There have been 657 shootings in Portland so far this year, with 193 injuries and 3,149 casings recovered, according to Police Bureau data.

The new three-member ceasefire team includes Shareef Khatib, who has been hired as a program director to manage a gun violence reduction program under the mayor’s emergency declaration, according to his LinkedIn page.

Khatib, according to the mayor’s office, was born in England and has managed counter-violence projects in war-torn countries of Afghanistan, Iraq, Malaysia, Mozambique, Nigeria and the Sudan.

Khatib will work with two other city employees, Julian Massenburg, a Portland native who most recently has worked to help form the Community Safety Division and previously was on the communication team in the city’s Office of Management and Finance, and Kandel Ashley, a Portland native who has worked in the mayor’s office as a constituent service director since last year after spending five years working with youths and young adults at risk of becoming involved in gang or gun violence for the Native American Youth and Family Center.

“Their goal is to work as our ceasefire team to help develop concrete, immediate strategies here in the city of Portland to start reducing the gun violence that we’re seeing on our street,” Wheeler said.

Under the umbrella of the Community Safety Division, led by former Fire Chief Mike Myers, the ceasefire team will coordinate efforts by the city’s Office of Violence Prevention, which oversees youth and family outreach workers, with the Police Bureau’s response to shootings and investigation of gun crimes.

“I’m glad that the voices of the community are being heard,” said Sam Sachs, who founded a nonprofit called the No Hate Zone that works to promote racial justice.
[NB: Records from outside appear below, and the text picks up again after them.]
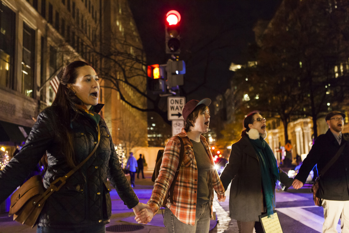 不起訴に抗議するデモが、ニューヨーク、サンフランシスコ、ワシントンD.Cなどで行われた。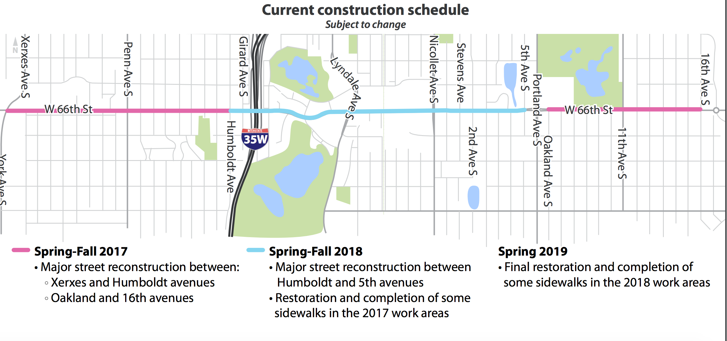 Metropolitan Council Environmental Services has been conducting regional sewer improvements along 66th Street. The final stage of work between approximately Lake Shore Drive and Clinton Avenue is expected to occur through spring 2017.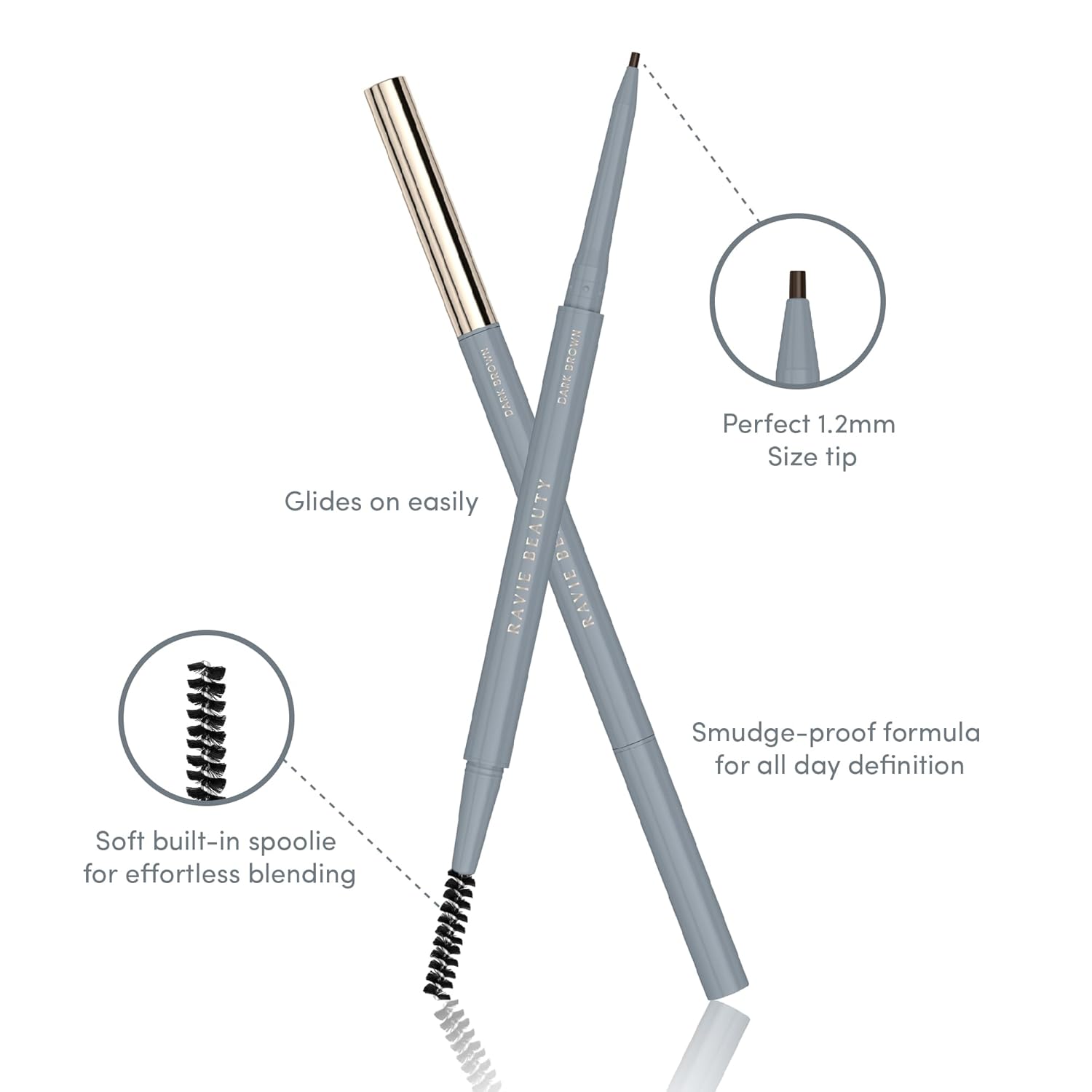 - FOOLPROOF FOR ROOKIES & PROS ALIKE: Classic meets modern innovation smooth application eliminates guesswork. Whether you're a beginner or beauty expert, achieve that timeless, polished brow look with today's speed and convenience every time with Ravie Beauty's eyebrow pencils.

In early March, he stood with other community leaders in Dawson Park to call for such an emergency declaration. “I’m grateful gun violence is becoming a priority and that the mayor is listening to more community members to hopefully achieve different outcomes.”

Kieran L. Ramsey, special agent in charge of Oregon’s FBI, said the number of shootings and “rounds that are flying are still extremely problematic.”
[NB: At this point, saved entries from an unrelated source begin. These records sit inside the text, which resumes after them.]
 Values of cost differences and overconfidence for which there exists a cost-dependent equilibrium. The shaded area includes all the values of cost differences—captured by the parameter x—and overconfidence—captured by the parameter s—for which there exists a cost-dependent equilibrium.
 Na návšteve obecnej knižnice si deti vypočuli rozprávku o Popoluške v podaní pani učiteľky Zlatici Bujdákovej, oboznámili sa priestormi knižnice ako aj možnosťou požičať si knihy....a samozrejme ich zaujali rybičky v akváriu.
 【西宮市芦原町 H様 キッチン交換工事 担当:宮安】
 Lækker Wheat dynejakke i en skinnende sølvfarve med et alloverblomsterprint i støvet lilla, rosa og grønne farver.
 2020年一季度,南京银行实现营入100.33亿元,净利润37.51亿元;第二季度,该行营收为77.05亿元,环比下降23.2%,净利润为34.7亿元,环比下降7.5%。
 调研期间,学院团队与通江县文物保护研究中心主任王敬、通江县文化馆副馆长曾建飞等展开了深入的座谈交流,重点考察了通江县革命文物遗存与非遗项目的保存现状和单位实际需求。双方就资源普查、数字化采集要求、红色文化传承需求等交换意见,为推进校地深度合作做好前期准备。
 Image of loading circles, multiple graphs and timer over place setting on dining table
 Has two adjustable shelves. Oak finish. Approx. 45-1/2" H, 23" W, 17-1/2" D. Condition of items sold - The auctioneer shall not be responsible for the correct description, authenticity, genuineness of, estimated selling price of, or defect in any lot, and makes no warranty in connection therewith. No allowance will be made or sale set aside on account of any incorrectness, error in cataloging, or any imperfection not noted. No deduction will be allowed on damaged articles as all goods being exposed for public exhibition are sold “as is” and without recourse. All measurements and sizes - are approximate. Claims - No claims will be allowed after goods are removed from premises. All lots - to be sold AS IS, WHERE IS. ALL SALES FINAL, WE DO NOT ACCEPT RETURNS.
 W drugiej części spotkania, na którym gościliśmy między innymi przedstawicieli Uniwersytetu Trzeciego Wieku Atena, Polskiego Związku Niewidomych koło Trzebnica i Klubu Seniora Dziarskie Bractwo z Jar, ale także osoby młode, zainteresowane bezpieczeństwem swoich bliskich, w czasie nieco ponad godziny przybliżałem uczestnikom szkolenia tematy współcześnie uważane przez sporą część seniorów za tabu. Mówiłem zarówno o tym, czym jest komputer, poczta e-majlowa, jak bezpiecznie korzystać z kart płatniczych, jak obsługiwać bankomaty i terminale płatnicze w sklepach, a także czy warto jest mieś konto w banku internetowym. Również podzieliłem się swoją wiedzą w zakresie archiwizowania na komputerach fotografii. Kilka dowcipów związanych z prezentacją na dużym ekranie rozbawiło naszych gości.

“I am very heartened to see though, that the alarm bell is now fully ringing,” Ramsey said. “I think finally everybody’s in the same boat rowing in the same direction. Maybe we’re not rowing at the same cadence, but everybody’s in the same boat rowing in the same direction now, and that was not always the case, last summer even.”

He said he welcomes new solutions to an ongoing problem.
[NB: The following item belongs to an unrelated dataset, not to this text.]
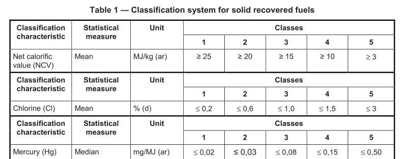歐洲標準BS EN 15359-2011,它對SRF燃料進行5個等級的質量分類。里面的SRF燃料指的是solid recovered fuels,也就是沒有毒性的固體回收燃料,包括城市固體廢物、一般工業固廢、污水污泥等,包含的組分有木材、紙張、織物、塑料、橡膠等等。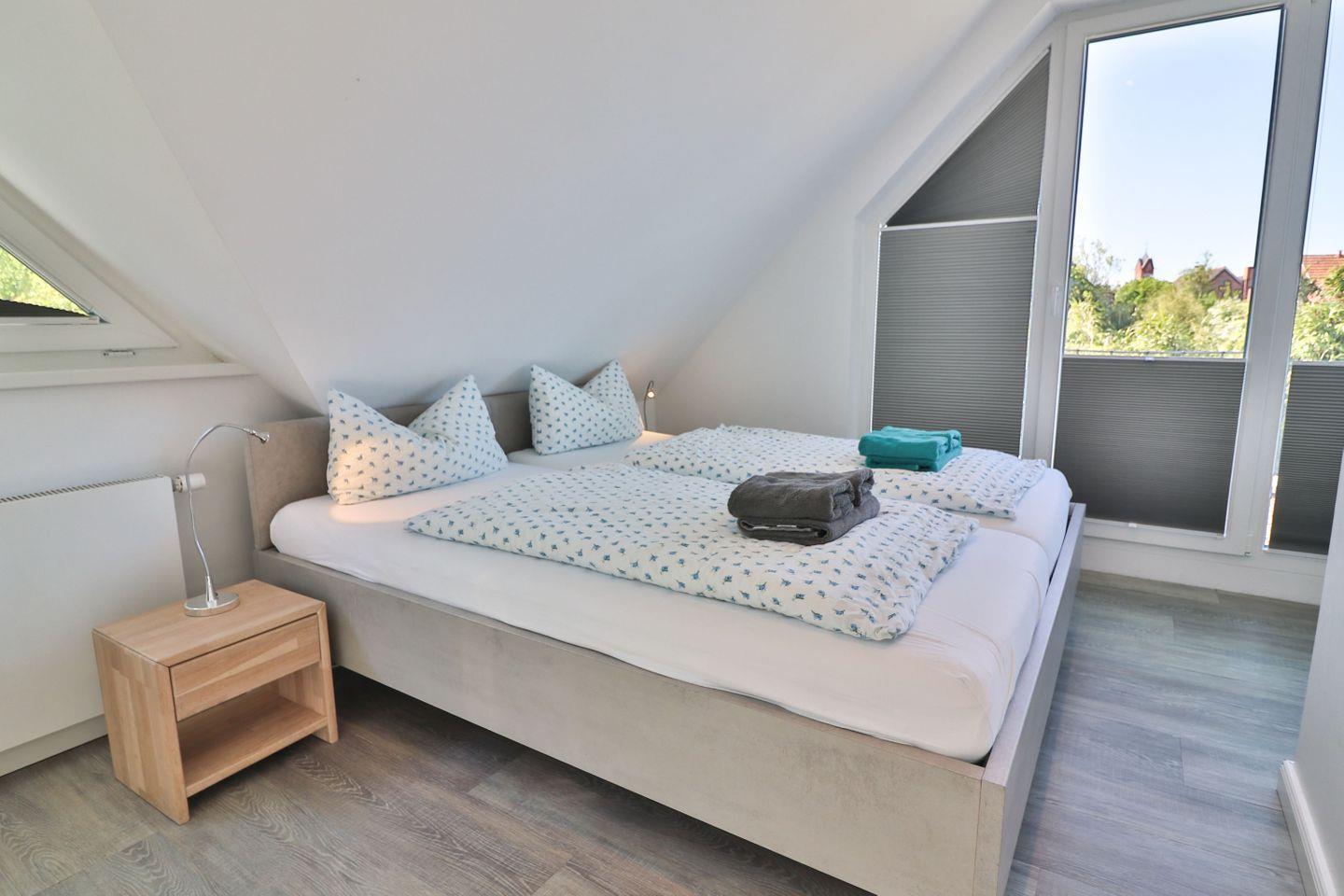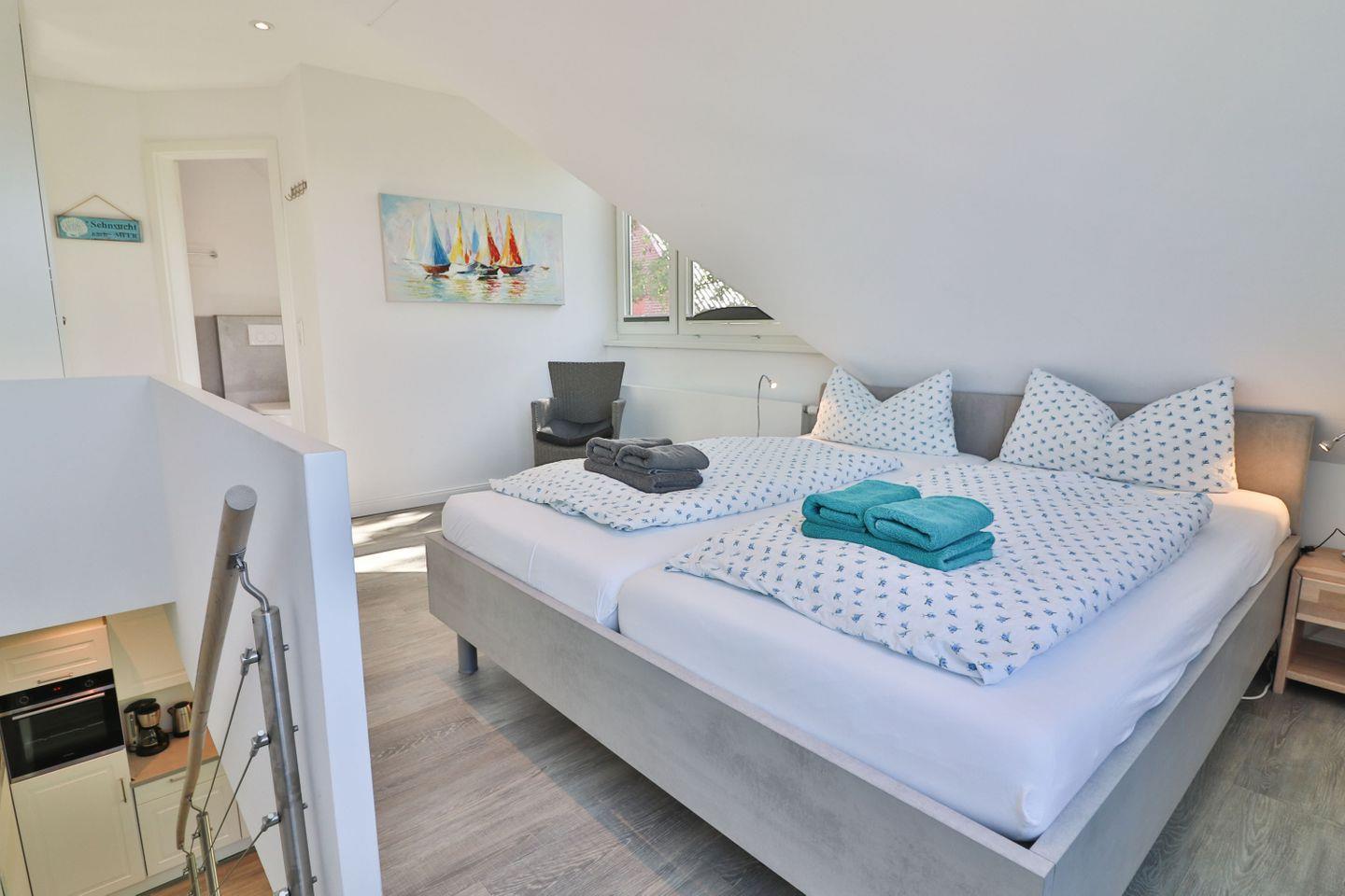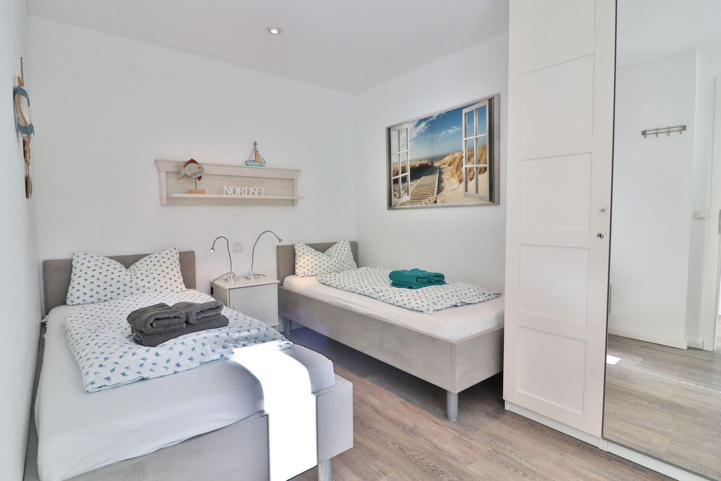 Die Ferienwohnung verfügt über zwei Schlafzimmer: Im Erdgeschoss befindet sich ein Schlafzimmer mit zwei Einzelbetten und Kleiderschrank – ideal für Kinder oder Freunde. Über eine offene Treppe gelangen Sie ins Obergeschoss, wo sich ein weiteres Schlafzimmer mit einem gemütlichen Doppelbett befindet. Beide Etagen sind jeweils mit einem eigenen, modernen Badezimmer ausgestattet. Die Bäder verfügen über bodengleiche Duschen, WC und Waschbecken, im oberen Bad steht Ihnen zusätzlich eine eigene Waschmaschine zur Verfügung – ideal auch für längere Aufenthalte.

The police Focused Intervention Team, a team of 12 officers and two sergeants, seized 32 guns and responded to 255 shootings this year through last Thursday.

Four of the team’s officers were involved in a shooting May 6 in Northeast Portland but have been cleared to return to work after a grand jury found no criminal wrongdoing by them. One officer is back and the rest are expected to return in the next two weeks.

They seriously wounded 36-year-old Matthew Ronald Leahey after a traffic stop ended with an exchange of gunfire between Leahey and the four team members.

Police had stopped a silver Lexus on a suspected traffic violation that Friday night in the Roseway neighborhood as it headed west along Northeast Mason Street between 78th and 79th avenues, according to police and witness accounts. Police haven’t said what led to the traffic stop.

At some point during the stop, Leahey is accused of firing at a Forcused Intervention Team officer, and the officer and three other officers from the team fired back, according to police and area residents. More than a dozen shots were fired in the residential neighborhood, neighbors reported.

Leahey was indicted June 7 on seven charges, including two counts of attempted aggravated murder with a firearm, accused of attempting to shoot Officers Adi Ramic and Michelle Petty with a .380-caliber handgun, according to court records. He’s also charged with the attempted first-degree assault and second-degree assault of Ramic, two counts of unlawful use of a weapon and being a felon in possession of a gun.

Earlier this year, the mayor used his emergency powers to bolster the city’s response to homeless street camping. Portland’s charter gives the mayor sole power to control all city agencies during a declared state of emergency.